Question: extract subset of 21 nt. from csv file
gravatar for archana.bioinfo87
13 months ago by
archana.bioinfo87180 wrote:

Hi, I am trying to get 1-21nt, 2-22nt, 3-23nt etc till the end of sequences. For example, if I have sequences of 51 nt in length then I will get the 30 fragments with 21 nt in each fragment. I tried this script whcih looks to work fine but only for first 2 lines only.

fasta <- read.csv("trial.csv", header = TRUE, sep =",") 
dd1 <- as.character(fasta$Seq)
IDS <- as.character(fasta$Ids)
b <- numeric() 
final <- NULL
for (i in 1:length(dd1))
  for ( j in 1:nchar(dd1[i])) 
  a <-dd1[i]
  b[j] <- substr(a, j, j+20)
  #print (nchar(b[j]))
  #print (nchar(dd1[i]))
  #print (length(dd1[i]))
  ifelse ((nchar(b[j]))==21 && (j<=(nchar(dd1[i])-21)),{
  next}, break())
final <- paste(IDS[i],b, sep = ",") 
write.table(final, paste(i,"final.csv")) 

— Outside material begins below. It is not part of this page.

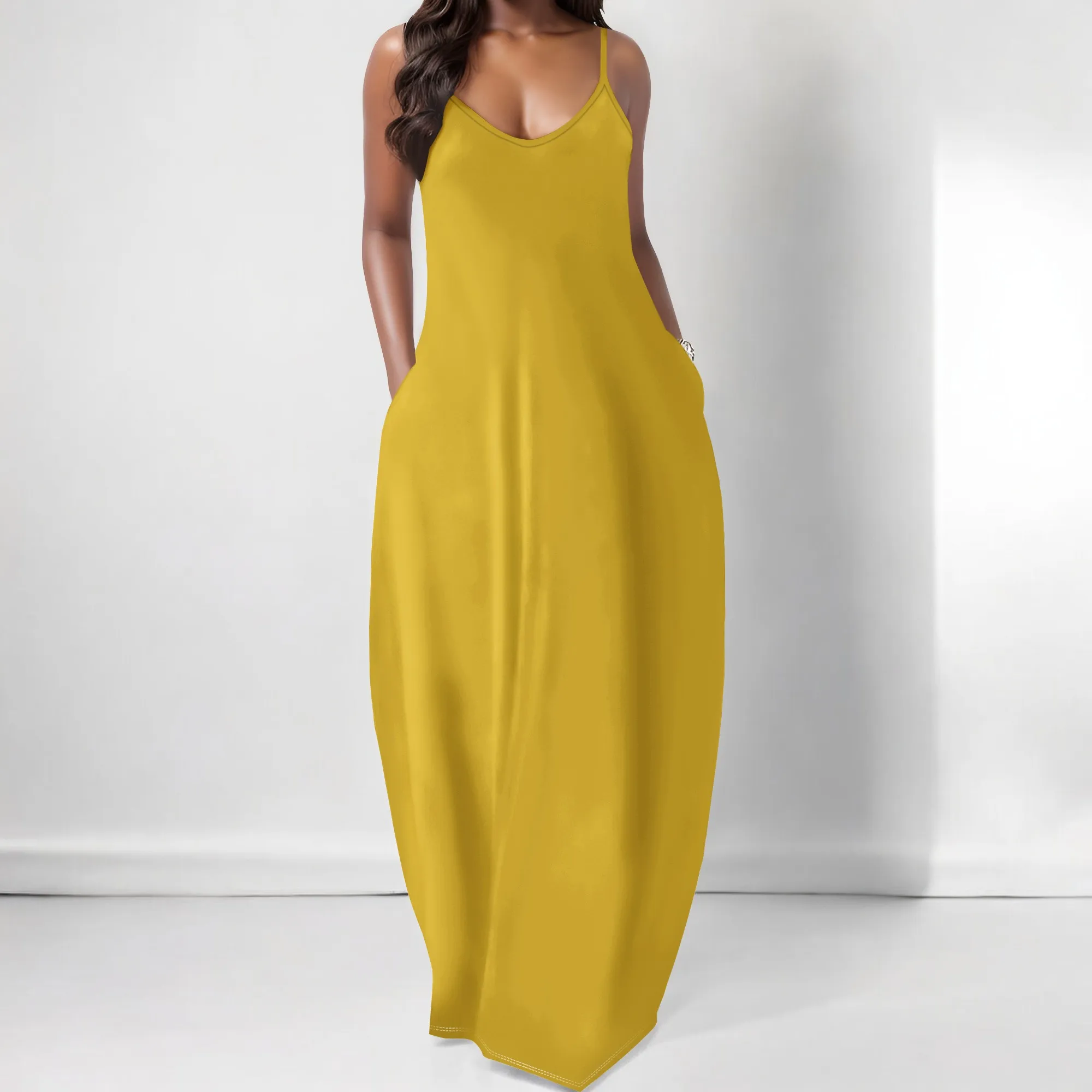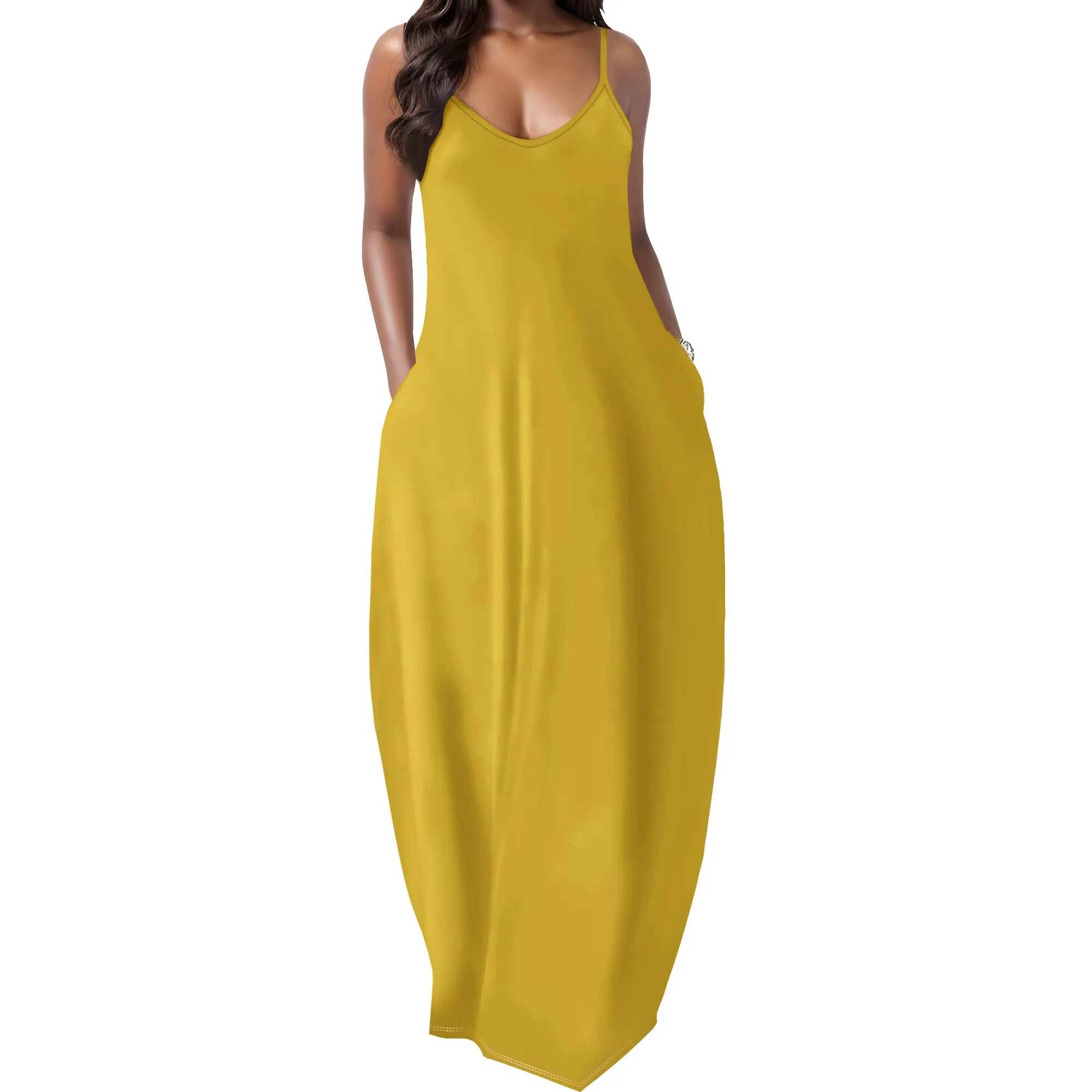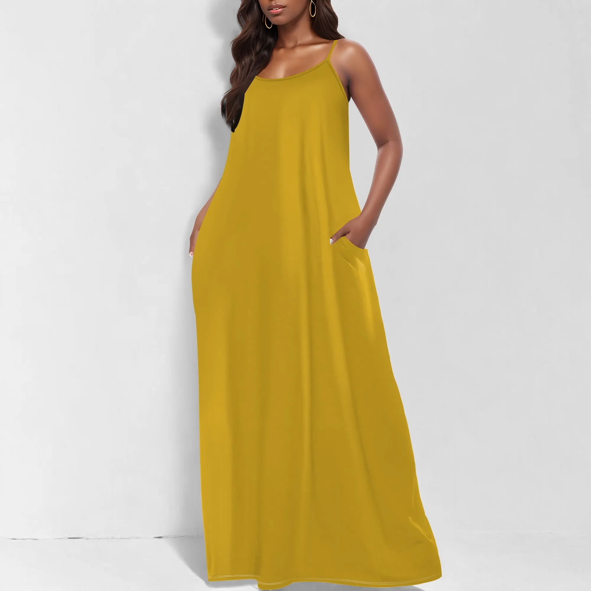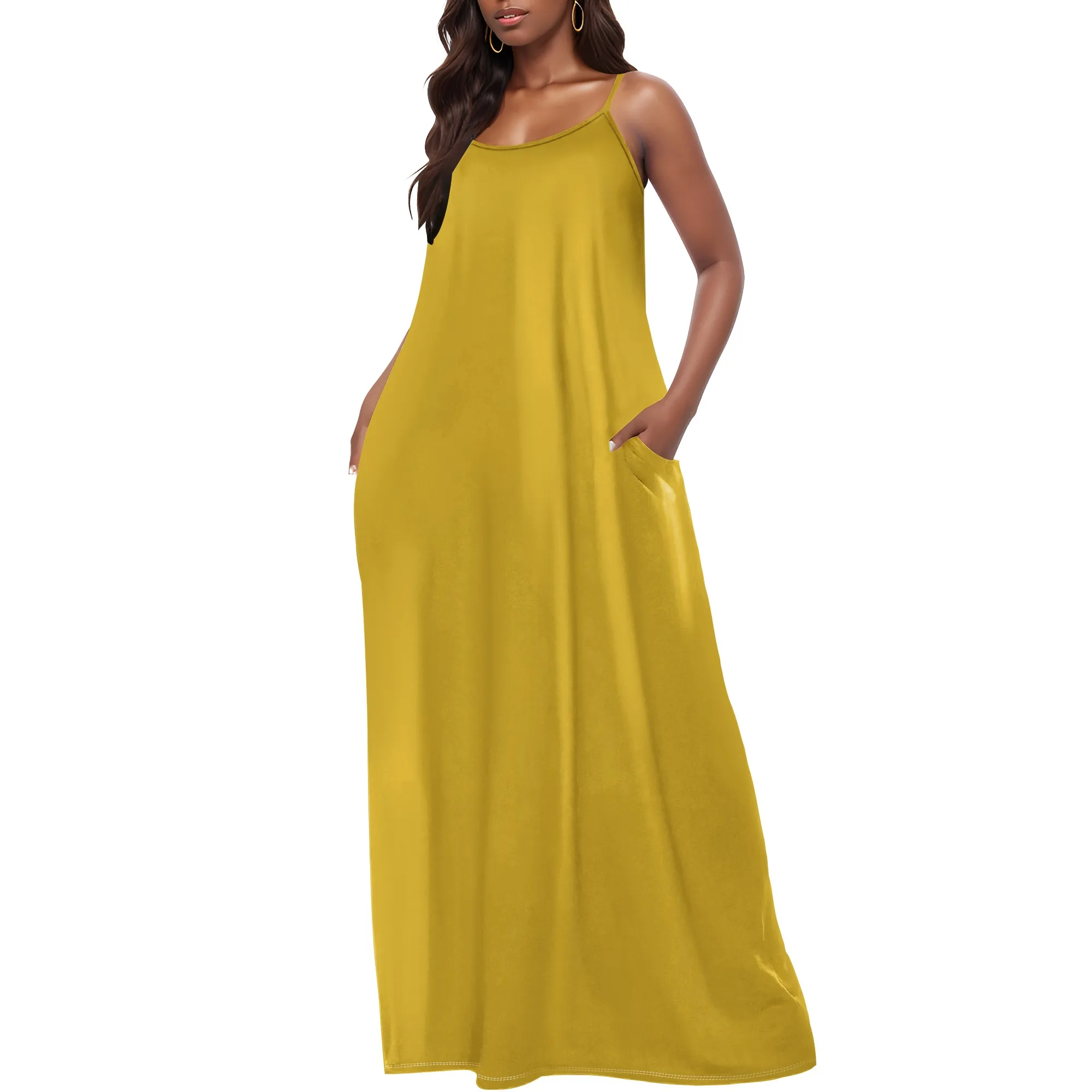 Abiti lunghi da donna Abito estivo con cinturino per spaghetti e tasche

  Example : trial.csv will look like this 

Any help is much appreiciated.


R • 294 views
ADD COMMENTlink modified 13 months ago by JC12k • written 13 months ago by archana.bioinfo87180

If you are doing an assignment then by all means continue with your code.

If you just need to print all 21-mers from a file use from BBMap suite like this. in=test.fa k=21 out=stdout.fa (to print to screen)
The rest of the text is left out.